Evelyn Gerbaud expose depuis les années 70. En ce qui concerne la dernière décennie, elle a montré son travail dans de nombreuses expositions personnelles en France (notamment à Paris) comme à l'étranger (Suisse, Suède, Hollande, Japon, Belgique), participant également à de nombreuses expositions collectives de groupe et Salons (Salon de Mai, il va de soi, mais aussi Salon des Réalités Nouvelles à Paris, Salon de Marne la Vallée, International Art Jonction de Nice, Artenîmes ou encore Salon d'Angers). Son oeuvre fait partie de collections publiques comme le Cabinet des Estampes de la Bibliothèque Nationale de France et le Musée de St Rémy de Provence.













Lorsque que l'on demande à Evelyn Gerbaud de citer quelques artistes qui habitent un coin de sa tête, elle dit presque instantanément Edward Hopper, Balthus, Georges Bru et Jean Rustin, puis Pentti Sammallahti ou encore Sarah Moon en ce qui concerne la photographie.
Par des « images » secrètes où l'humain se mêle aux mondes végétal et animal, l'oeuvre d'Evelyn Gerbaud nous parle des profondeurs de l'Être, de sa face noire comme de sa face blanche, d'une sorte de tangage de l'âme entre rêve et cauchemar. Il est question ici de métamorphoses, de visions enfouies qui refont surfaces, de matière suggérée, d'ombre et de lumière, de nudité et d'inconnu. Entre abstraction et réalité, chaque oeuvre raconte une histoire indépendante ou, sans doute, raconte un épisode de plus d'une seule et même histoire « fantastique ». « L'art devient ciel-terre, conjonction intime de la lumière et de l'ombre afin de situer le là ou l’ici - mais jamais l'ailleurs - de l’ouverture au monde. » écrit Jean-Paul Gavard-Perret.

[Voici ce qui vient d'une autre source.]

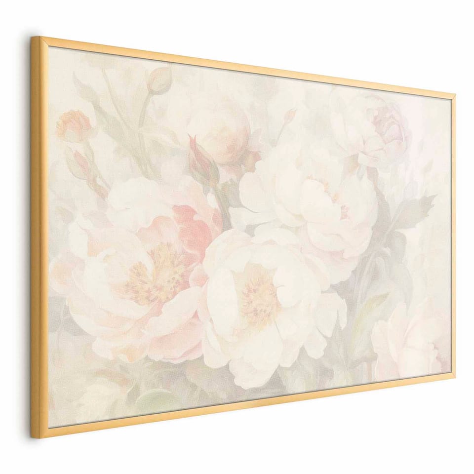 Plakat - Piwonie we mgle rozmiar 42x29.7, wykończenie Rama złota
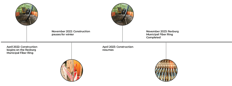 The City of Rexburg is embarking on an upgrade to its communication infrastructure by installing over 20 miles of fiber optic cable throughout the city in order to link city facilities and assets. This new fiber optic communication infrastructure will allow the city to securely monitor and access buildings, security cameras, and other remote assets in real time. This ability will allow the City to be more efficient in delivering services, reduce down times and allow City employees to be more productive. This backbone will serve as the base of the entire network and is designed for redundancy to the internet and doesn't fail if fiber lines accidentally get cut. The network is also being "future-proofed" so that the infrastructure will be able to handle demand as we grow as a community.

Evelyn Gerbaud peint, grave, inscrit son dessin mystérieux sur la pierre lithographique. Elle aime à se confronter à l'art difficile du monotype : « De cette lente promenade, aidé de la paume, des doigts, de pinceaux ; peu à peu se matérialise l'image convoitée. Il faut vite la capter, la faire sienne et retenir son impatience et ses craintes jusqu'au sortir de la presse. Alors parfois de cette longue errance on ramène à la surface quelque chose qui vous échappe encore : résurgences d'images fuguasses, accumulation de cultures, de rêves interrompus et de paysages secrets. » écrit-elle.